Choose ARMA Lags Using BIC
This example shows how to use the Bayesian information criterion (BIC) to select the degreesp和qArma模型。估计几种不同的模型p和qvalues. For each estimated model, output the loglikelihood objective function value. Input the loglikelihood value toaicbic
to calculate the BIC measure of fit (which penalizes for complexity).
Simulate ARMA time series
Simulate an ARMA(2,1) time series with 100 observations.
Mdl0 = arima('持续的',0.2,'AR',{0.75,-0.4},...'MA',0.7,'Variance',0.1); rng(5) Y = simulate(Mdl0,100); figure plot(Y) xlim([0,100]) title('Simulated ARMA(2,1) Series')
Plot Sample ACF and PACF
Plot the sample autocorrelation function (ACF) and partial autocorrelation function (PACF) for the simulated data.
figure subplot(2,1,1) autocorr(Y) subplot(2,1,2) parcorr(Y)
Both the sample ACF and PACF decay relatively slowly.
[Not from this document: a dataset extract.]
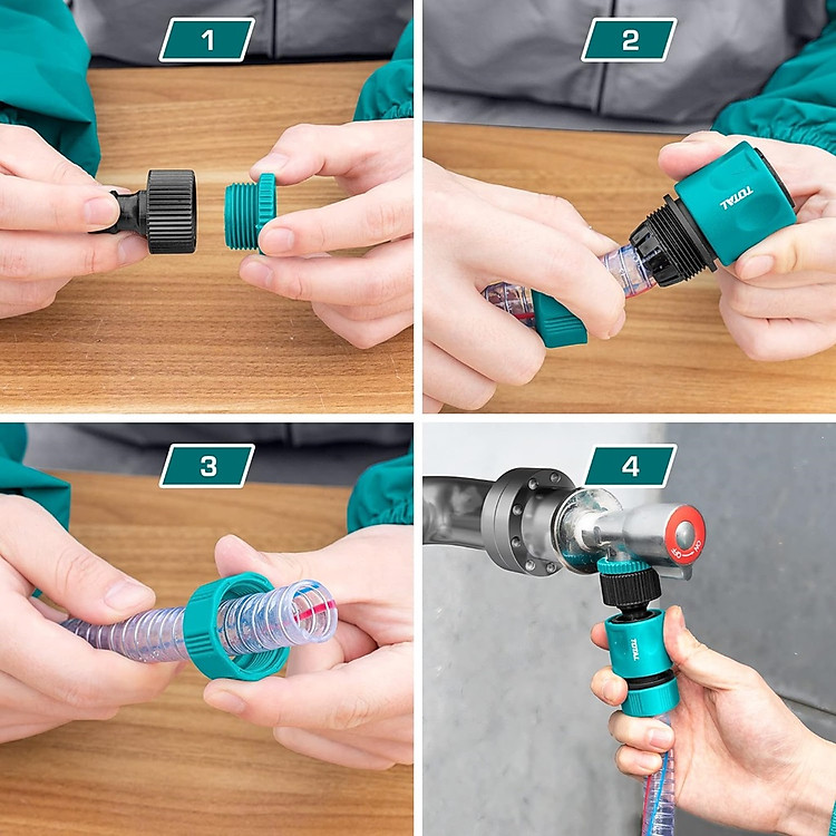 Bộ 5 khớp nối 1/2in dùng cho máy xịt rửa, tưới cây TOTAL THHCS05122 là sản phẩm được thiết kế để kết nối dây ống nước và các bộ phận còn lại của máy xịt rửa, tưới cây,

This is consistent with an ARMA model. The ARMA lags cannot be selected solely by looking at the ACF and PACF, but it seems no more than four AR or MA terms are needed.
Fit ARMA(p,q) Models to Data
要识别最佳滞后,请拟合具有不同滞后选择的几种型号。在这里,适合所有组合p= 1,...,4和q= 1,……4(总共16模型)。存储loglikelihood objective function and number of coefficients for each fitted model.
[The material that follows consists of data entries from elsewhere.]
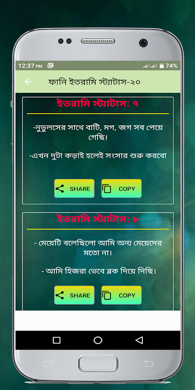 ইতরামি ফানি স্ট্যাটাস এই অ্যাপসটি থেকে মজার মজার অনলাইন স্ট্যাটাস পাবেন।
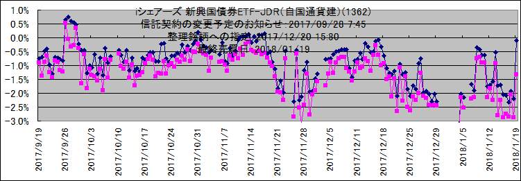ですが、iNAVと気配値との乖離率をグラフにしました。
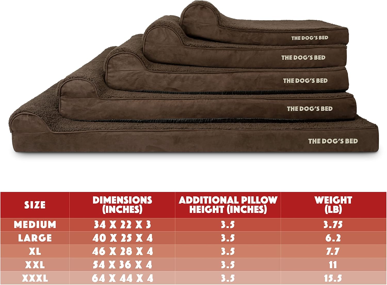- Large Brown 40” x 25” x 4” (+3.5" Headrest) waterproof orthopedic headrest dog bed. Solid 2” high density, orthopedic memory foam over a solid 2” base of high stability support foam with covers designed so that your bed fits your home decor seamlessly and your dog can stay close to your family

LogL = zeros(4,4);% Initializepq =零(4,4);forp = 1:4forq = 1:4 mdl = arima(p,0,q);[estmdl,〜,logl(p,q)] =估计(mdl,y,'Display','off'); PQ(p,q) = p + q;endend
Calculate BIC
Calculate the BIC for each fitted model. The number of parameters in a model isp+q+ 1 (for the AR and MA coefficients, and constant term). The number of observations in the data set is 100.
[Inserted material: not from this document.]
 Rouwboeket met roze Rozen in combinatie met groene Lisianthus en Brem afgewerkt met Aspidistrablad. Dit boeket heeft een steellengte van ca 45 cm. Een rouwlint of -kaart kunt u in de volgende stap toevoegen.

logL = LogL(:); pq = PQ(:); [~,bic] = aicbic(logL,pq+1,100); BIC = reshape(bic,4,4)
BIC =4×4102.4215 96.2339 100.8005 100.3440 89.1130 93.4895 97.1530 94.0615 93.6770 93.2838 100.2190 103.4779 98.2820 97.8331 100.3024 107.5245
In the output BIC matrix, the rows correspond to the AR degree (p) and the columns correspond to the MA degree (q). The smallest value is best.
minBIC = min(BIC,[],'all')
minBIC = 89.1130
[minP,minQ] = find(minBIC == BIC)
minP = 2
minQ = 1
The smallest BIC value is89.1130
in the (2,1) position. This corresponds to an ARMA(2,1) model, which matches the model that generated the data.